GBP: UK retail sales suffer biggest monthly decline since financial crisis
The day began with the news that UK car production has fallen as concerns over Brexit escalate. Car manufacturers reported a significant drop, with output shrinking some 4.1% in September alone. In addition, domestic demand fell by 14.2%. Part of the problem is that many car manufacturers rely on their cars crossing over into Europe and back to the UK several times throughout the course of production. The terms of the Brexit bill could put that in jeopardy.
It didn’t get much better after that either, as UK retail sales suffered their biggest monthly drop since the financial crisis. As inflation outpaces wage growth, UK households are feeling the pinch and, naturally, end up spending less than they ordinarily would. The news is particularly disconcerting given the proximity to Christmas – often the busiest time of the year for many UK retailers.
It all provides some food for thought for the Bank of England when they convene next Thursday. It really is anybody’s guess whether they will keep rates on hold or increase them for the first time in a decade. If I were a betting man I would still keep my money in my pocket – it is simply too close to call at the moment.
Sterling slid against the US dollar but managed to make gains against the euro following the ECB announcement. There are no major releases today so sterling movements are likely to be driven by events elsewhere, or continuing fallout from the data releases of yesterday.
EUR: euro hits a three-week low following ECB announcement
The euro had a bad day at the office yesterday as it weakened against sterling and the US dollar. This came despite some startling retail sales figures from the UK and really does go to show what influence monetary policy can exert on currency markets. For, while the ECB’s decision to keep interest rates on hold was expected, traders were clearly disappointed at the quantitative easing programme decision.

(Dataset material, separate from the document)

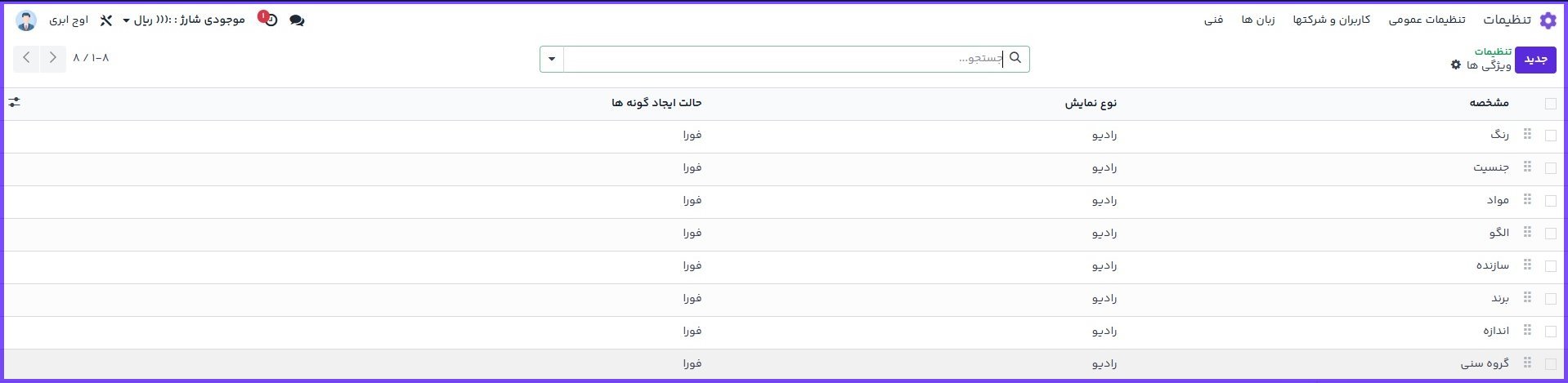 🔹 مسیر: فروش ◄ پیکربندی ◄ مشخصهها
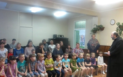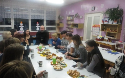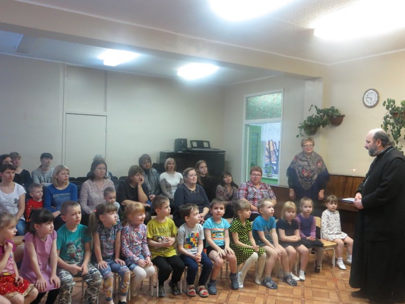 15 февраля 2018 года состоялась «Встреча» детей старшей группы «Светлячки» с родителями и протоиереем Олегом Переверзевым, настоятелем Введенского храма г. Вязьмы. Ведущая, Анищенко И.В., руководитель кружка «Свечечка», предложила вспомнить о православных праздниках: Рождество Христово, Святки, Крещении. Дети и родители узнали о празднике Сретения, исполнили православные песни «Овечки, коровки», «Непослушная рыбка». Никого не оставил равнодушным танец со свечами «Звездочки». В заключении священник ответил на вопросы присутствующих, рассказал о приближающемся Великом Посте. Дети подарили гостям сделанных своими руками голубей.

Although the central bank are currently committed to purchasing €60 billion of new bonds each month until the end of December, from January 2018 they will halve this commitment to €30 billion. In addition, they announced that this programme would run until at least the end of September. There was a view that the ultra-loose fiscal policy didn’t have to run quite so long.
Somewhat surprisingly, ECB President Mario Draghi confirmed that the decision was not unanimous, although he added that there was ‘broad consensus on several issues, and a large majority on other issues’. He also stated that the US economic recovery is ‘way more advanced’ than in the eurozone, which could be brought into question. I don’t mean to suggest that’s wrong, but the conviction behind the statement is certainly up for debate.
Looking ahead to the rest of today, there are no major releases, although we do have Spanish retail sales figures. It will be interesting to see what, if any, influence the recent tensions between Spain and Catalonia have had. Finally, we’ll see the German import prices which are expected to increase slightly.
USD: good day for the dollar thanks to events elsewhere
It was a good day for the US dollar yesterday as it made gains against sterling and the euro. However, it is worth noting that this was almost exclusively a result of events overseas, as the ECB quantitative easing programme announcement caused the euro to hit a three-week low against the greenback.
In addition, extremely poor UK retails sales figures caused the pound to tumble. There has been a relatively consistent run of positive economic data coming from the US of late – what a topsy turvy world we live in right now – although a few bits came slightly below expectations yesterday. Pending home sales stayed the same against an expectation of a 0.2% increase, while initial jobless claims came in at 233,000 against an expectation of 235,000. However, none of this affected the dollar given the releases from elsewhere.
Today sees the release of US GDP growth which will be extremely interesting. It is expected to increase by 2%, but there has been so much surprising data of late that, frankly, any figure could come out.